======== DATA SHOWN ========
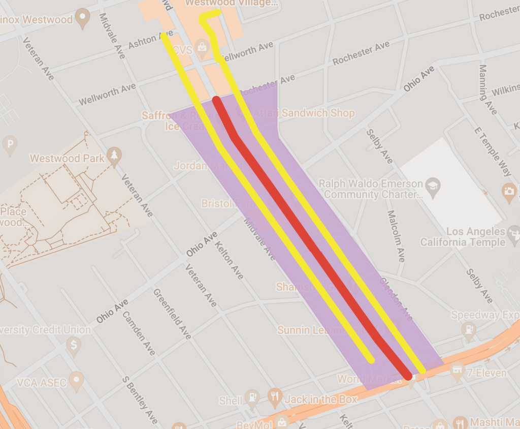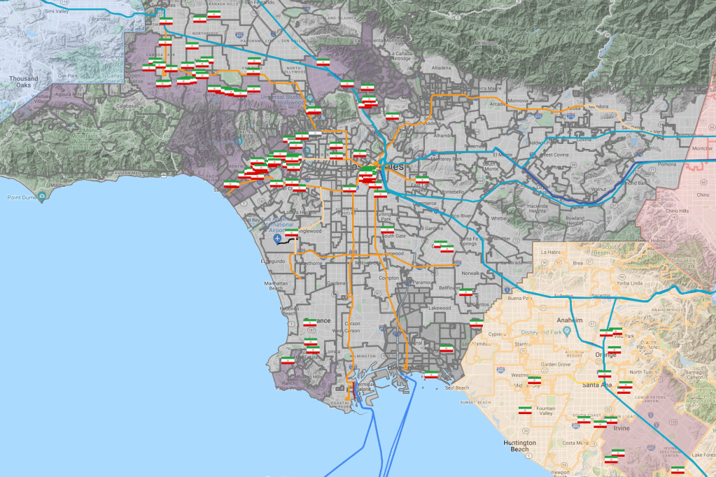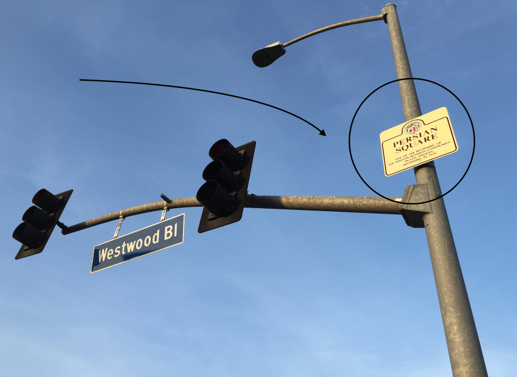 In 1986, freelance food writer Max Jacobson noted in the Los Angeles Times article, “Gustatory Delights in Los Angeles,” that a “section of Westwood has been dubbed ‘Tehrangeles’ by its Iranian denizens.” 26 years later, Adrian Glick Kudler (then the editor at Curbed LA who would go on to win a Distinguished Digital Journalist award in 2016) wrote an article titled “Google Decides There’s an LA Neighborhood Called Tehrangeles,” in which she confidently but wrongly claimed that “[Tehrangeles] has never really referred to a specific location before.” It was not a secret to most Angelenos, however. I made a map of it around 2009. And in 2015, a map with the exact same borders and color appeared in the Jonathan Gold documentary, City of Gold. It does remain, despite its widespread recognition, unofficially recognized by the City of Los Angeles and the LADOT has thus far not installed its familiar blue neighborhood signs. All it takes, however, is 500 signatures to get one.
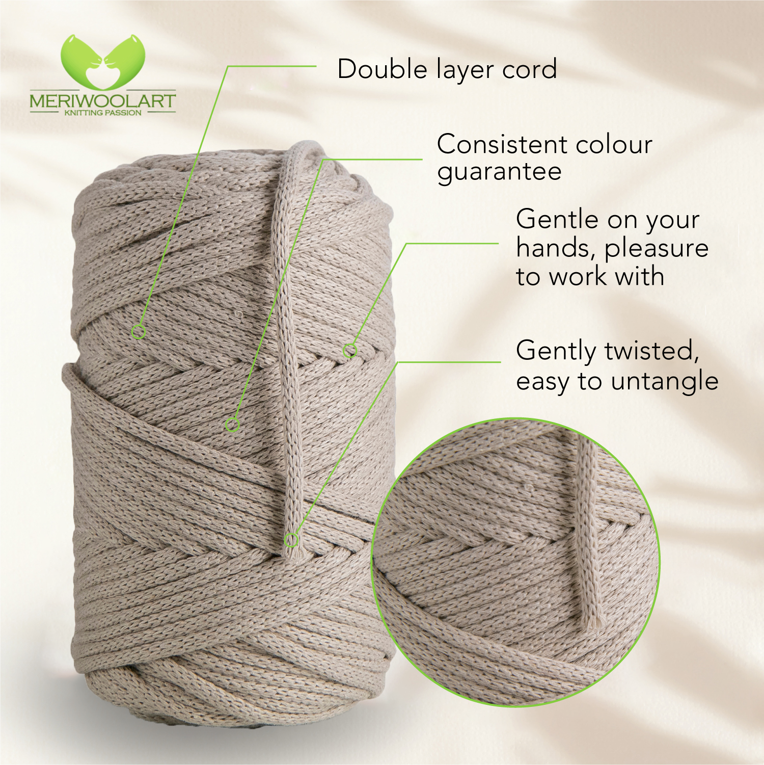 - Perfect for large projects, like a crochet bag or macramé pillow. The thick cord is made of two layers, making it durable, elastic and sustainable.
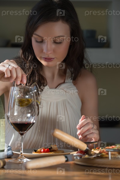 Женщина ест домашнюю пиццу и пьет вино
========
All of the data above needs to be given again exactly. Leave out each image.

■ TASK RESULT
 In 1986, freelance food writer Max Jacobson noted in the Los Angeles Times article, “Gustatory Delights in Los Angeles,” that a “section of Westwood has been dubbed ‘Tehrangeles’ by its Iranian denizens.” 26 years later, Adrian Glick Kudler (then the editor at Curbed LA who would go on to win a Distinguished Digital Journalist award in 2016) wrote an article titled “Google Decides There’s an LA Neighborhood Called Tehrangeles,” in which she confidently but wrongly claimed that “[Tehrangeles] has never really referred to a specific location before.” It was not a secret to most Angelenos, however. I made a map of it around 2009. And in 2015, a map with the exact same borders and color appeared in the Jonathan Gold documentary, City of Gold. It does remain, despite its widespread recognition, unofficially recognized by the City of Los Angeles and the LADOT has thus far not installed its familiar blue neighborhood signs. All it takes, however, is 500 signatures to get one.
 - Perfect for large projects, like a crochet bag or macramé pillow. The thick cord is made of two layers, making it durable, elastic and sustainable.
 Женщина ест домашнюю пиццу и пьет вино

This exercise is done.